In the New Hampshire Republican Senate primary, the group is supporting state Sen. Jim Rubens over against former Sen. Scott Brown. Brown is most likely to win the primary and challenge Democratic Sen. Jeanne Shaheen, but Mayday said in a press release that it opposes Brown because he "has embraced special interest funding and was the deciding vote against in the DISCLOSE act, which would have increased donor transparency."
Mayday is also supporting a Democratic candidate, Iowa state Sen. Staci Appel, who is running to replace retiring Republican Rep. Tom Latham in Iowa's 3rd district. Appel is running against Republican David Young.

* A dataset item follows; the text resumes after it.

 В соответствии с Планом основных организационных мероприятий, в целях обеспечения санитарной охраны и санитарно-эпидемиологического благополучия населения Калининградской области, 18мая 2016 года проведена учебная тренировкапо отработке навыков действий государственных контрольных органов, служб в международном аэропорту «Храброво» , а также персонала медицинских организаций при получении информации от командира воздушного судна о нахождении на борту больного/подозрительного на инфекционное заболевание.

Harvard Law School Professor Lawrence Lessig, one of the founders of Mayday, said in a statement the group chose a Democrat and a Republican to support to send a message.

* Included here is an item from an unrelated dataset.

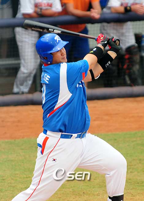 [OSEN=베이징, 올림픽취재반] 거인이 베이징 중심에 우뚝 섰다. 베이징 올림픽 야구대표팀이 예선 7전 전승으로 4강에 진출했다. 한국은 20일 우커송 제2구장에서 열린 예선 마지막 네덜란드전에서 10-0으로 8회 콜드게임승을 따냈다. 모든 선수들이 잘했지만 이 선수를 빼놓고는 이번 대표팀을 설명할 수 없다. 다름 아닌 이대호(26, 롯데)가 그 주인공이다. 예선 7경기에서 이대호의 위력은 그야말로 압도적이었다. 이승엽이 부진하고 김동주가 부상으로 정상이 아니었지만, 이대호만이 매경기에 나와 타석에서 공포감을 유지했다. 이대호의 예선 7경기 성적은 화려함 그 자체다. 21타수 9안타로 타율 4할2푼9리·3홈런·10타점·5득점. 3홈런과 10타점은 각각 대회 1위와 2위에 해당한다. 사사구도 5개나 얻어냈다. 이 가운데 최강 쿠바로부터 얻어낸 고의4구까지 하나 포함돼 있다. 출루율은 무려 5할3푼8리. 홈런 3개와 2루타 1개로 장타율은 무려 0.905. 출루율과 장타율을 합한 OPS는 무려 1.443으로 그야말로 놀라운 수준. 단기전에서 개인 성적은 얼마든지 나올 수 있지만 이 정도로 좋은 성적이 나오기는 쉽지 않다. 이대호의 위력은 예선 첫 경기였던 지난 13일 미국전부터 시작됐다. 0-1로 뒤진 2회말 무사 1루에서 좌측 담장을 훌쩍 넘어가는 투런 홈런을 작렬시키며 경기를 뒤집었다. 올림픽의 시작이라는 중압감에 짓눌린 대표팀에게 이대호가 선사한 대형 홈런 한 방은 긴장감을 녹여주었고, 자신감을 얻게 만들었다. 이대호는 16일 일본전에서도 0-2로 뒤진 7회초 극적인 동점 투런 홈런을 쏘아올리며 경기를 반전시켰다. 대만전에서도 3타수 2안타 3타점으로 불방망이를 휘둘렀고 쿠바전에서는 고의4구 포함 사사구 3개를 얻었다. 예선 최종전이었던 이날 네덜란드전에서 4번 타자로 선발출장한 이대호는 결승 선제 투런포 포함 5타수 2안타 3타점으로 활약했다. 사실상 올림픽 예선에서 최고타자로 등극하는 순간이었다. 알렉세이 벨(쿠바)이 예선 7경기 모두 출장해 25타수 13안타로 타율 5할3푼·6타점·8득점으로 활약하며 등 OPS(1.531)에서 이대호를 앞질렀지만 홈런이 하나도 없다. 타점에서도 이대호에게 밀렸다. 예선 타점 1위를 예약한 알프레도 데스파이그네(쿠바)도 타율 3할3푼3리·1홈런·11타점을 기록했으나 OPS(0.913)는 이대호에 비해 한참 뒤진다. 미국과 일본의 중심타자들과 비교해도 이대호의 예선 성적은 압도적이다. 미국에서 가장 좋은 생산력을 보이고 있는 테리 티피는 예선 6경기에서 23타수 11안타, 타율 4할7푼8리·5타점을 올리고 있다. 그러나 홈런이 1개도 없어 타석에서 위압감이 높지 않았다. OPS(1.221)도 이대호에 근소히 뒤진다. 일본의 4번 타자 아라이 다카히로도 6경기에서 22타수 7안타, 타율 3할1푼8리·1홈런·6타점을 기록하고 있을 뿐이다. 미국과 일본이 이날 예선 마지막 경기를 남겨두고 있지만 두 선수가 이대호의 성적을 넘보긴 쉽지 않을 전망이다. . . . . .

"We started with these two races to be crystal clear - it doesn't matter who you are, what your party is, or what powerful friends you have," he said. "If you are standing in the way of fundamental reform, if you are supporting what has become a fully corrupt system of money in politics, then you should watch your back." - CBS News, 7/29/14
The Iowa race make sense but why back another Republican in New Hampshire?
http://www.vox.com/...
In contrast, the Mayday PAC's choice in New Hampshire, Jim Rubens, is a long shot. He's a Republican candidate for US Senate. The most recent poll shows him running third in the Republican primary against former Massachusetts Sen. Scott Brown — by a margin of 61 percent to 10 percent. No poll has shown him with more than 12 percent of the vote, or doing better than third.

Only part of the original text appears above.